If you drop something, and there is no interference, can you not absolutely predict that it will fall? Do you cause it to fall, or do you only cease to cause it to be supported? Is not gravity a force beyond your control that actually causes things to fall? You do not cause gravity, so how do you predict things will fall without causing them to?

Are you essentially arguing that an omniscient being could predict that I would have a particular fleeting thought at precisely 8.24am on the 31st of August, 2015, based on nothing more than a complete awareness of every variable present at the first moment of creation?
 
Are you essentially arguing that an omniscient being could predict that I would have a particular fleeting thought at precisely 8.24am on the 31st of August, 2015, based on nothing more than a complete awareness of every variable present at the first moment of creation?
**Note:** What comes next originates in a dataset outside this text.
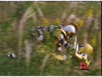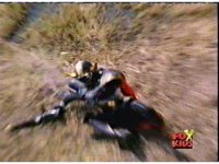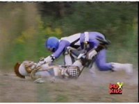 Green flips over, bounces off a tree, and fires Transblaster. |

Omniscience is a completely different issue. This degree of specificity is never claimed of such prediction. Given the person's nature, history, and the stresses and stimuli likely, predictions such as who will or will not "find" a god over their entire lifetime become probabilistic.
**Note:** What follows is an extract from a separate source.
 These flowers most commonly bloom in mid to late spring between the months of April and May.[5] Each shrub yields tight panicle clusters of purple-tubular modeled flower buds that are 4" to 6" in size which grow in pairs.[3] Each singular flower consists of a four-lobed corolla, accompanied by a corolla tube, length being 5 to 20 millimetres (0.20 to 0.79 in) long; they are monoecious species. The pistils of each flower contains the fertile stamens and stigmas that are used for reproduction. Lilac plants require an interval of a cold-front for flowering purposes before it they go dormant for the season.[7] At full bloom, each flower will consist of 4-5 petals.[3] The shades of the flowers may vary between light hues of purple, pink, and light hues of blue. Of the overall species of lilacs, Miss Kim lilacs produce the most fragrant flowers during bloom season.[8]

Or think of it this way. The probability that you will make a specific choice in a specific moment is vastly lesser than that of making that same choice some undetermined time within an entire lifespan.
 
Omniscience is a completely different issue. This degree of specificity is never claimed of such prediction. Given the person's nature, history, and the stresses and stimuli likely, predictions such as who will or will not "find" a god over their entire lifetime become probabilistic.

Or think of it this way. The probability that you will make a specific choice in a specific moment is vastly lesser than that of making that same choice some undetermined time within an entire lifespan.

Yeah, we're on a different page then. I have no issue with the logical consistency here. There is certainly an abundance of theists however who claim that God's knowledge of future events is absolute, and that probability doesn't factor into the equation at all. It is that position that I take issue with when it is accompanied by the claim that free will is something more than just an illusion.
 
Yeah, we're on a different page then. I have no issue with the logical consistency here. There is certainly an abundance of theists however who claim that God's knowledge of future events is absolute, and that probability doesn't factor into the equation at all. It is that position that I take issue with when it is accompanied by the claim that free will is something more than just an illusion.

But do they claim the accuracy you implied?

There is also the matter of what may be "future" to a god. If our future is a god's present then there is nothing "yet to unfold". In that case, it does not even take omniscient, only omnipresence, to know what happens.

Or let me put it this way. Omniscience is not absolute knowledge, only maximal knowledge. Quantum physics has shown us that some things are fundamentally indeterminate, so until they occur there could be nothing to be known, as nothing determines their specific present state. In that case, only present knowledge is "absolutely" possible.
 
But do they claim the accuracy you implied?

There is also the matter of what may be "future" to a god. If our future is a god's present then there is nothing "yet to unfold". In that case, it does not even take omniscient, only omnipresence, to know what happens.

The above is most often the sort of assumption that underpins the claim that God's knowledge of future events is absolute. This is what I was exploring with RoccoR earlier in this thread:

To reiterate, if what we call the future already exists (which is one of the possibilities that you're positing), then it always has. Every "slice" of time, so to speak, exists eternally. If we can say that there was a creation event (as much of a difficulty as it may be to talk in those terms given a transcendent creator) then such an event was not merely the creation of a first moment destined to dynamically unfold into subsequent moments, but the creation of the fullness of all things present and future simultaneously. In other words, you, me, everyone else, and indeed every single thing that any of us will ever do, was predefined in that creation event.